Recently, at The Bilingual Zoo forum, I responded to a parent’s concerns about their bilingual journey by offering the metaphor that I’ll share today. A blog post on this theme feels like a good way to begin a new year that will hopefully be very fruitful for your bilingual or multilingual aim with your kids.
“Thinking things over” vs. “overthinking things”
The wording between these two is nearly the same, but the mindset they represent is vastly different. In fact, this difference could well be the fork in the road between success and failure.
“Thinking things over” means reflecting on your aim and your circumstances in order to mindfully make the most effective choices possible for generating progress on your bilingual journey over time. (And these choices, like how the two or more languages are used within the family, can change as your aim and/or circumstances evolve.) Your choices then translate into your efforts, which you pursue proactively from day to day in order to make progress toward the fulfillment of your aim.
“Overthinking things,” on the other hand, means continually second-guessing the choices that you’re already made, before you’ve even given them much time and effort to work, as well as projecting further concerns into the future. This mindset generates a stream of doubts and worries that undermines the parent’s efforts and joy, and may eventually lead to deep discouragement and the decision to abandon the original aim entirely.

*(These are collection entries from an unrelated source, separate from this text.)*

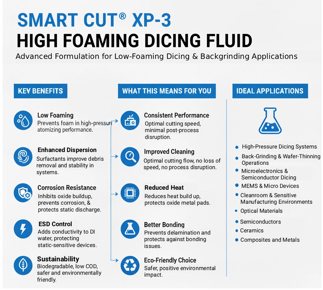 XP-3 is ideal for back-grinding systems and high-pressure dicing platforms that rely on atomizing or high-velocity coolant nozzles. It is suited for LOW-FOAM PRECISION DICING, microelectronics production, MEMS fabrication, and cleanroom operations where foam formation would impact accuracy or cleanliness. The formulation remains stable across wide variations in pressure, flow rate, and spray pattern, ensuring reliable performance during demanding, continuous operation.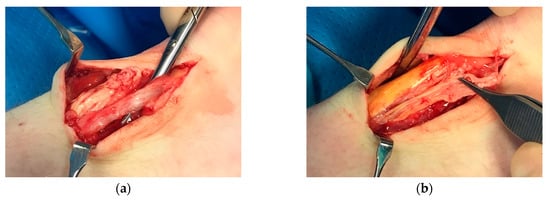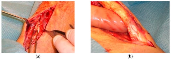 An additional treatment strategy might be a bone–quadriceps tendon graft for insertional ruptures, which has been evaluated in a retrospective study on 24 patients with a high rate of satisfaction on the AOFAS-Score. There were few side effects—one wound healing problem and one instance of deep venous thrombosis [37]. Further treatment strategies might include augmentation with the plantaris tendon, flaps, or a flexor hallucis longus transfer [5,9].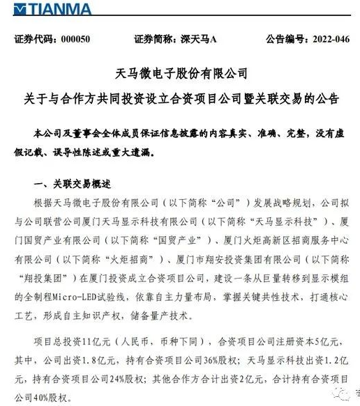 深天马A在公告中称,上述项目立足打造成为全行业领先的Micro-LED技术创新研发平台、产品应用开发平台及全行业开放的科研成果转化平台。同时联合终端客户、科研院所、上下游产业链厂商,借此打通产学研用各环节,加快实现从Micro-LED显示基础、系统集成到应用的全链条工程技术突破,加快Micro-LED技术实现商业化落地。

It’s important to underscore the point that “failure” at raising a bilingual child is really only possible when the aim itself is abandoned. As long as the journey continues, even if more modestly than originally intended, progress can always be made. Imagine making ongoing efforts to nurture a second language in your child, from the early years until their teens, and yet experiencing no progress at all during this time. The reason this sounds absurd is because it isn’t possible!
As I advised the parent at The Bilingual Zoo, if she simply pursues her original choices—which I believe would be effective—and maintains them over the months and years ahead, her child, as well as both non-native parents, would no doubt become progressively capable and comfortable in their target language. And whenever any actual concerns arose, she could address them in stride, at that particular time. Because here’s the thing: You don’t have to figure out everything in advance when you want to raise a bilingual child. You just need to make the most effective choices you can, at any given time, then pursue them with a full heart and a playful, unflagging spirit.
Like driving a car at night
In this way, it’s like driving a car at night: You can’t see very far in front of your headlights, but that’s okay. If you just keep driving, you can gradually go a long, long way on your journey, right? And if you suddenly spot a deer up ahead, dashing across the road, you can slow down or swerve around it. Or if you happen to take a wrong turn at some point, and feel hopelessly lost, you can still figure out how to get back on the right road again. In other words, you proactively deal with any difficulties as they come.
You wouldn’t just sit in your car and cry, would you, if you got lost? (At least not all night!) And you wouldn’t abandon your whole journey, before it had barely begun, because you’re worried that you might eventually crash into a deer, right?
No, you keep driving, you keep going, because it’s important to you to make progress and ultimately reach the destination that you seek.
But if not, if you do let the doubts and difficulties derail your efforts, prompting you to turn back and abandon your journey, well, then perhaps the aim wasn’t really important enough to you in the first place. There’s nothing “wrong” with that, but if your bilingual or multilingual aim for your kids is important to you—truly important to you—then you drive on through the darkness, no matter what.